Our spam filter correctly classified the two messages. Let's now move to the proper validation phase!

## Assessing the Filter's accuracy

We'll now try to determine how well the spam filter does on our test set of 1,114 messages.

The algorithm will output a classification label for every message in our test set, which we'll be able to compare with the actual label.

First off, we'll change the `classify()` function that we wrote previously to return the labels instead of printing them. 

In [102]:
def classify_test_set(message):

    # Cleaning of the new message
    message = re.sub('\W', ' ', message)
    message = message.lower()
    message = message.split()

    # Initialization of the variables
    p_spam_given_message = p_spam
    p_ham_given_message = p_ham
    
    for word in message:
        if word in spam_params:
            p_spam_given_message *= spam_params[word]
        if word in ham_params:
            p_ham_given_message *= ham_params[word]
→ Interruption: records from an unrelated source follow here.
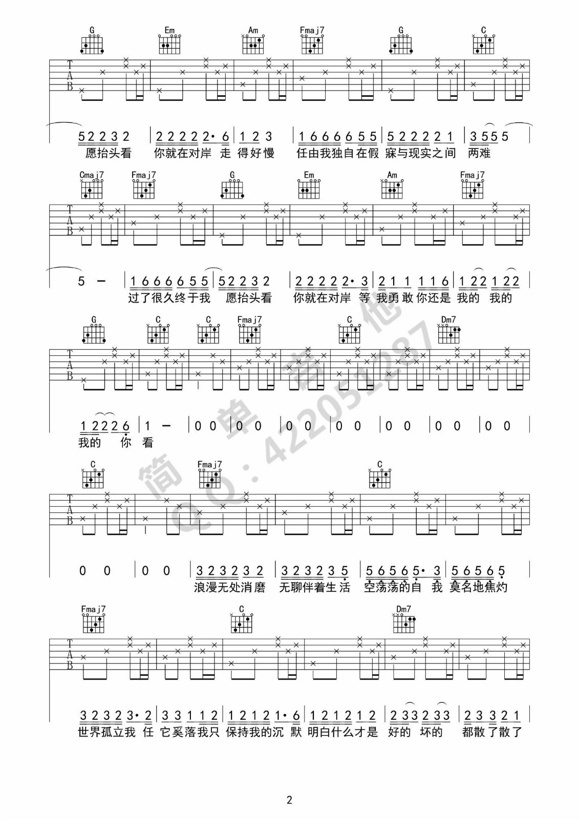 走马吉他谱 C调简单版_简单吉他编配_陈粒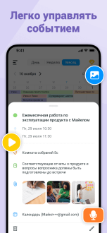Пролистывай гибкие виды календаря — месяц, неделя, день или упорядоченный список; перетаскивай события пальцем и задавай до трёх напоминаний на каждую запись. Умные напоминания сочетают вибрацию и всплывающее окно, а виджет на главном экране держит ближайшие дела на расстоянии одного взгляда. Все данные синхронизируются с Google и Exchange, доступны офлайн, а экспорт в CSV упрощает отчёты. Установи приложение и посмотри, как одна строка плана разгружает целый день.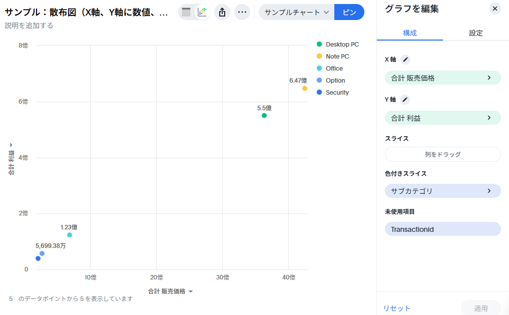 X軸、Y軸に数値、スライスに属性(特に今回はTransactionidなので、分割数が多くなります)、色付きスライスにサブカテゴリを設定した例です。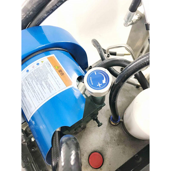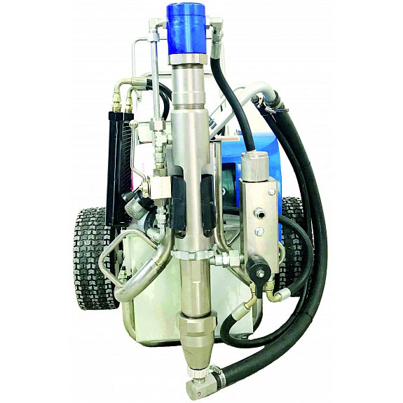 Производительность данного оборудования составляет 10,5 л/час, это позволяет проводить работы одновременно двум малярам. Для комфортного передвижения агрегата по площадке имеется перекаточная телега с широкими колесами.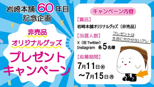 岩崎本舗では、本日7月11日(木)より岩崎本舗60年目を記念したプレゼントキャンペーンをX(旧Twitter)・Instagramにて開催中です。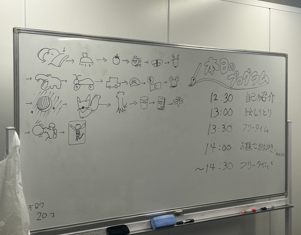・持参のiPadやスケッチブックに絵を描きながら雑談(メイン)

    if p_ham_given_message > p_spam_given_message:
        return 'ham'
    elif p_ham_given_message < p_spam_given_message:
        return 'spam'
    else:
        return 'needs human classification'

Now that we have a function that returns labels instead of printing them, we can use it to create a new column in our test set.

In [103]:
test_set['predicted'] = test_set['SMS'].apply(classify_test_set)
test_set.head(10)

Unnamed: 0,Label,SMS,predicted
0,ham,Later i guess. I needa do mcat study too.,ham
1,ham,But i haf enuff space got like 4 mb...,ham
2,spam,Had your mobile 10 mths? Update to latest Oran...,spam
3,ham,All sounds good. Fingers . Makes it difficult ...,ham
4,ham,"All done, all handed in. Don't know if mega sh...",ham
5,ham,But my family not responding for anything. Now...,ham
6,ham,U too...,ham
7,ham,Boo what time u get out? U were supposed to ta...,ham
8,ham,Genius what's up. How your brother. Pls send h...,ham
9,ham,I liked the new mobile,ham


Looking at the head of `test_set`, it seems our filter did pretty well at classifying the messages.

We can compare the predicted values with the actual labels for all 1,114 messages to measure how good our spam filter is with classifying new messages. To make the measurement, we'll use **accuracy** as a metric:

$$Accuracy = \frac{number\:of\:correctly\:classified\:messages}{total\:number\:of\:classified\:messages}$$

In [104]:
correct = 0
total = len(test_set)

for index, row in test_set.iterrows():
    if row["Label"] == row["predicted"]:
        correct += 1
        
accuracy = correct / total
print(round(accuracy,4))

0.9874


Our spam filter has an accuracy of 98.74% on the test set. This is an excellent result.

## Conclusion

In this project, we managed to build a spam filter for SMS messages using the multinomial Naive Bayes algorithm. The filter had an accuracy of 98.74% on the test set, which is an excellent result. We initially aimed for an accuracy of over 80%, but we managed to do way better than that.

Potential next steps for this project would be:
* isolate the 14 messages that were classified incorrectly and try to figure out why the algorithm reached the wrong conclusions.
* Make the filtering process more complex by making the algorithm sensitive to letter case.